Strokes Gained: Golf’s Answer to xG
Strokes Gained (SG) is a relative measure of performance. Instead of simply counting putts or fairways, it asks:
“If every other player had faced my exact shot, how many strokes would they have taken – and did I beat or trail that mark?”
For every distance and lie on the course, millions of data points tell us the field’s average strokes to finish (e.g. 150 yards from the fairway ≈ 2.80). Your actual outcome is compared with that expectation and expressed as a positive (gained) or negative (lost) fraction of a stroke.
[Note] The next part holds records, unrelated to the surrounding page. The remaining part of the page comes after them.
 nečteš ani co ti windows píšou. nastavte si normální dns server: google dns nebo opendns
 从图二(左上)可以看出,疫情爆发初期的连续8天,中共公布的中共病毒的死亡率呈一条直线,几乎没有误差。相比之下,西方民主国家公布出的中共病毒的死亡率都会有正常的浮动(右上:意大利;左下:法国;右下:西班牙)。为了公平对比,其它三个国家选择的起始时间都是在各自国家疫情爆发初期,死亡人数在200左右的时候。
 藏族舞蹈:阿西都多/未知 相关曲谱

Add the gains and losses across the round and you get SG: Total; tag the start of each shot and you also get the four component skills:
- Off-the-Tee
- Approach
- Around-the-Green
- Putting
The xG Analogy: Why Football’s Favourite Stat Makes Sense on the Fairway
Football fans now swear by expected goals (xG). xG evaluates every shot by asking how often it is converted on average – distance to goal, angle, defensive pressure and so on – then measures how far a team or player ran above or below that expectation.
Strokes Gained works exactly the same way:
Football | Golf |
---|---|
Shot quality → xG value | Lie & distance → “strokes to finish” |
Actual goals – xG = over/under-performance | Actual strokes – baseline = strokes gained |
Sum over match / season | Sum over round / season |
Both stats strip away contextual noise (weather, course set-up, opponent strength) and reveal the underlying skill signal. That makes SG as indispensable to modern golf analysis as xG is to Premier League scouting reports.
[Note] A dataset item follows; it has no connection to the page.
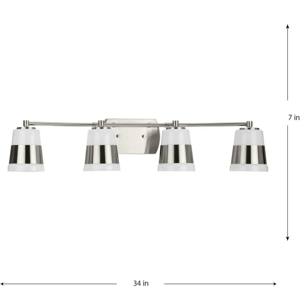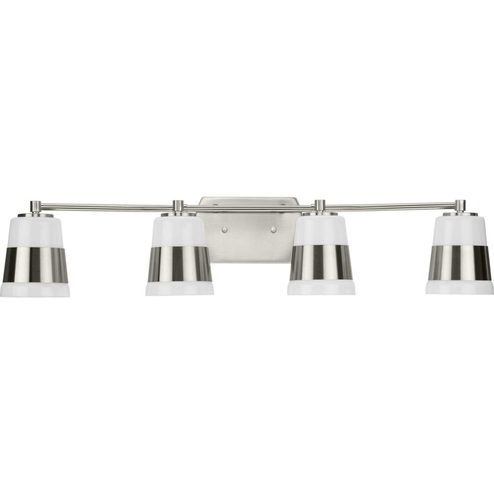 The Haven Collection is practical and stylish with a modern color blocking silhouette that fits perfectly in luxe industrial and contemporary rooms. The metal frame is finished in subtle brushed nickel and features shades suspended from an oblong backplate. Etched opal glass casts a pleasing, softened glow in bathrooms and powder rooms. This versatile fixture can be mounted up or down, increasing its design flexibility. It is cULus damp location listed, with a one-year warranty to guarantee your complete satisfaction. Progress Lighting products offer exceptional quality, reliability, and functionality.

How Strokes Gained is Calculated
- Baseline – ShotLink’s historical data gives a strokes-to-finish average for every location/lie combination.
- Compare – Subtract the baseline for the starting position from the baseline at the finishing position (plus one for the shot itself).
- Sum – Add every shot’s gain/loss:
SG for a shot = Baseline(start) – [1 + Baseline(finish)]
Example: 150 yds fairway (2.80) → 15 ft putt (1.90):
2.80 – [1 + 1.90] = +0.90 (almost a full stroke gained)
Reading the Live Strokes Gained Feed During a Tournament
Because SG Total = score – field average, ranking players by SG is mathematically identical to ranking them by score. The feed simply shows the leaderboard before the official board has updated.
- Every +1 SG per round moves a player ~12–13 places up the leaderboard.
- +3 SG/rd wins more than half of full-field PGA Tour events.
- +2 SG/rd produces a top-10 roughly once every eight starts.
Watching SG live lets you separate real moves from noise:
- A player at –4 but losing strokes tee-to-green is riding a hot putter – likely unsustainable.
- A player at –1 but gaining 2+ strokes ball-striking is primed to surge if the putter warms up.
Variability, Putting Volatility and Predictive Power
SG’s great party trick is showing how repeatable each skill is:
Component | Year-to-year correlation | Why it matters |
---|---|---|
Approach | ≈ 0.55 | Stable skill → best single predictor of long-term success |
Off-the-Tee | ≈ 0.50 | Driving distance & accuracy largely repeat |
Putting | ≈ 0.25 | Highly volatile; form swings week-to-week |
Around-the-Green | ≈ 0.15 | Small sample per round + lie variability |
Put another way, ball-striking carries the signal, putting carries the noise. A player can gain +6 strokes with the putterin one round – and give it straight back the next day. Bettors who chase yesterday’s hot flat-stick often pay tomorrow’s price.
Practical Benchmarks: How Many Strokes Do You Need to Contend?
SG per round | Four-round total | Typical finish |
---|---|---|
0 | 0 | ~51st (makes cut, mid-pack) |
+1 | +4 | ~39th |
+2 | +8 | ~26th |
+3 | +12 | ~14th / realistic chance |
+4 | +16 | Top-3 / usually enough to win |
Major venues nudge these targets up by ~0.2–0.3 SG/rd because the field is stronger.
Key Take-aways for Bettors, Viewers and Golfers
- Treat SG like xG: it’s the clearest performance-above-context lens available.
- Follow the right line: Focus on SG: Approach and SG: Off-the-Tee for predictive edges; beware of chasing transient putting spikes.
- Use live SG to anticipate moves: The numbers reveal who’s trending before the scoreboard catches up.
- Benchmark sensibly: +2 SG/rd is top-25 golf; +3 SG/rd is winning golf.
Final Thoughts
Strokes Gained does for golf what xG did for football: it turns raw outcomes into actionable insight. Whether you’re coaching, trading, or just watching with a pint in hand, understanding where strokes are gained (or lost) brings the sport – and its betting markets – into far sharper focus.